How is it that life can change so quickly. I mean last Monday if you would have told me I would be dealing with this today I would not have believed you. Last monday we got a new puppy. A Mini Dachshund.....an early Anniversary gift from my hubby to me. We named him Murphy. He is totally cute and the kids love him.
We had just gotten back from a great weekend. We went to Dallas to see Jason's family and attend his cousin's wedding. We also visited Sky Ranch where my brother-in-law works and we went horseback riding.


So then came Tuesday of last week. We were looking forward to my brother's wedding on Sat and having a good day. I was sitting here as I always do during nap time and my mom came on and started to IM me. She was saying that Dad had went to the doc...which I knew he was going....(he had had a routine colonoscopy the week before and it was the followup visit). She said he got some bad news but he didn't want me to know yet. Well mom couldn't not tell me so she went on to tell me the doctor says my dad has Lymphoma. Okay cancer we can deal with that people have that all the time, take Chemo and live long lives after. After doctor appointments the rest of the week (and one today too) we have learned it's a rare form of Lymphoma called Mantle Cell. Dad starts Chemo on Thursday. He will have to have a bone marrow transplant in the near future and most things will take place at Baylor Hospital in Dallas (who would have thought I'd be going back there so soon).
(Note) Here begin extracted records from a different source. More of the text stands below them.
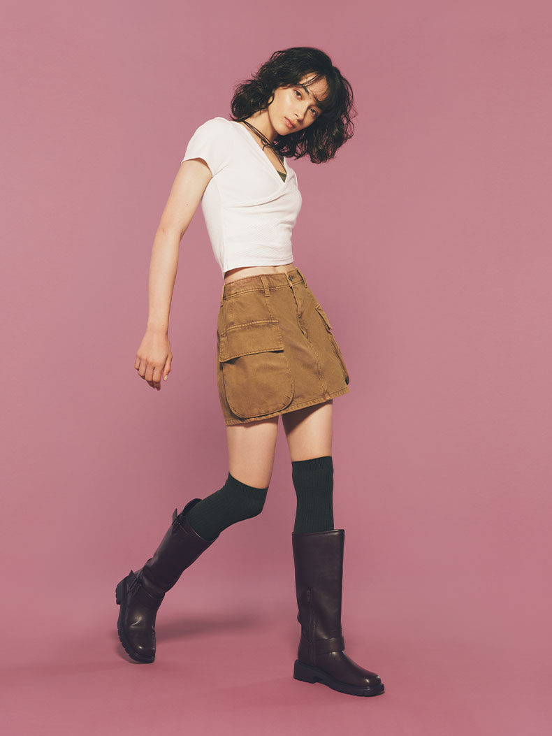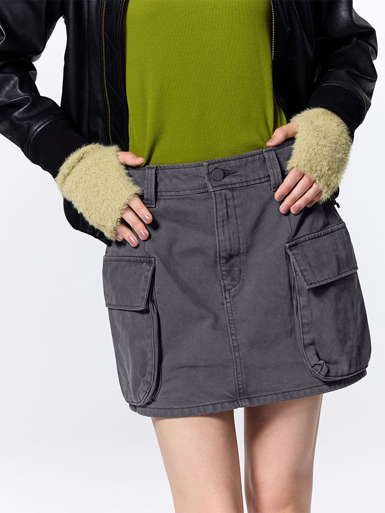 GU Tooling Style Mini Skirt Low Waist Retro Short Skirt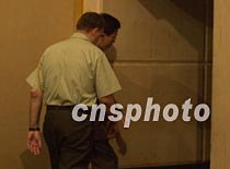 美國駐華使館武官席樂高準將十一日晚十時四十分在海口文華大酒店新聞發布會上說,現在還不能公布一個機組人員離境的時間表,然后匆匆忙忙從后門離開。中新社記者 賈國榮 攝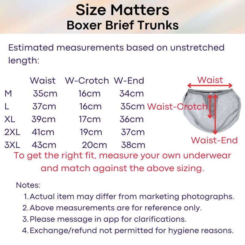 Please refer to seller' estimated measurements before placing order. There is no exchange/refund if sizing is wrong. To get the right measurement, measure with your underwear flat, from left to right of waistband. Thereafter, check against the size chart in this listing for the closer match. This is a general guideline, and does not factor in certain body shapes (thigh, bum etc) and elasticity of the waistband. Every brand/model varies in sizing measurements.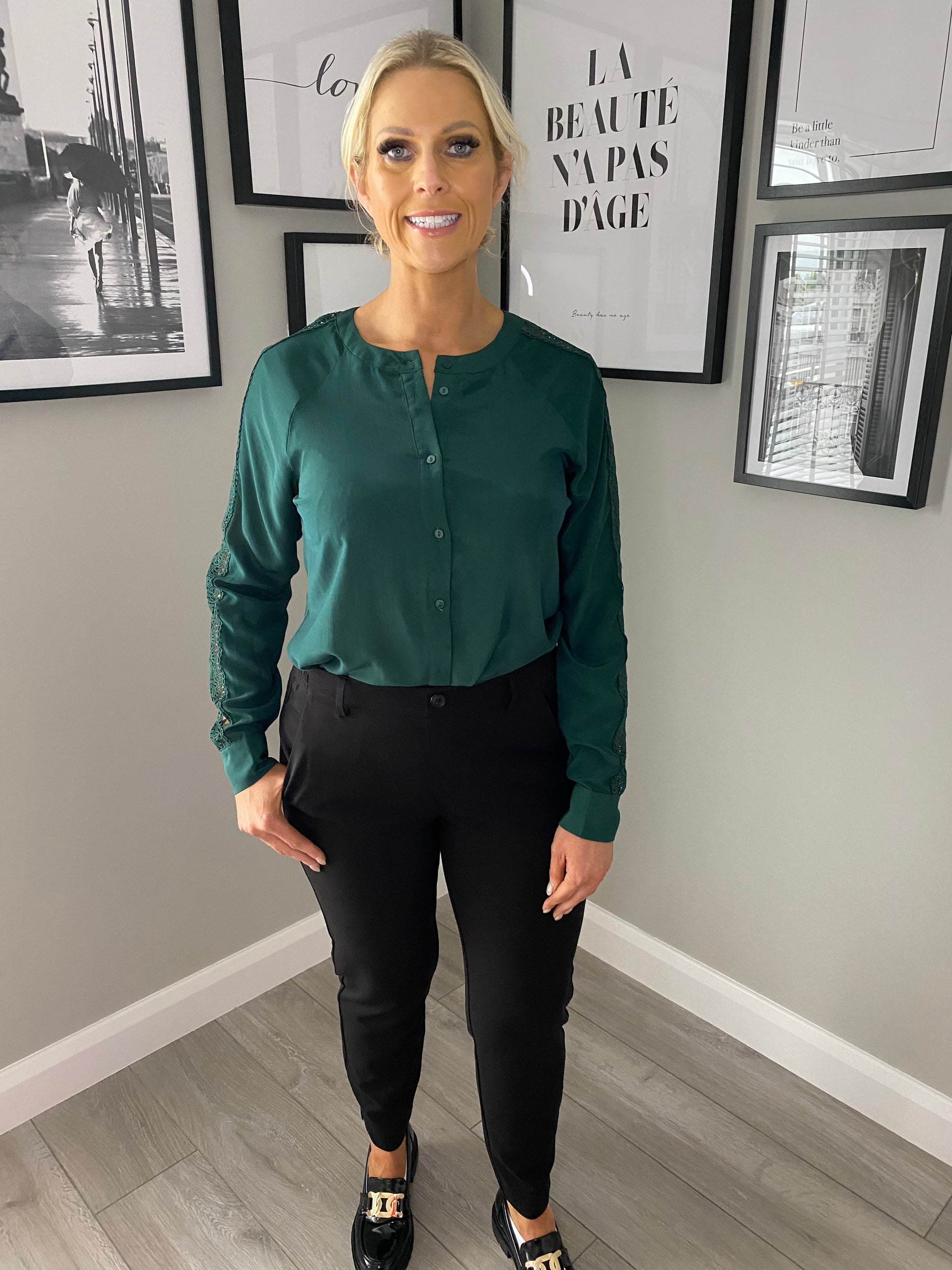 We've styled them with our Freequent green lace blouse & XTI black chain loafers, we love this look!

The outcome in all the research I've done does not look good. Best I've seen is 1 in 5 make it 5 years and if they go into remession it always comes back.
So we did have my brother's wedding....that was great! My daughter was the flower girl (did an awesome job) and Jason was a groomsman. Mom and I did the reception.
Now I'm left to go on living life with the busy things I have (college pancake breakfast sunday, quickly approaching VBS crafts that I'm the director of and many more) but yet how does life just go on knowing now my dad is going to be really sick as of Thursday. Is it wrong to ask God why?? I've always been the one to say things happen for a reason and God has a greater good for the trouble that we go through. But now that it's happening to us it's so hard to see that. I mean my dad is only 52 and all the research I have found is that it only happens to those in their 60s. And I need my dad here longer to see my kids grow up. And God I know you understand all you do and why things happen. I need comfort and peace b/c I am grieving and crying and not sleeping and I still have to keep on living and taking care of my family.
By the way I'm posting this all here b/c I have to get it out somewhere and I'm not ready to actually talk to someone yet. I also know most of my family does not read this (if you do please do not pass this on to my mom and dad).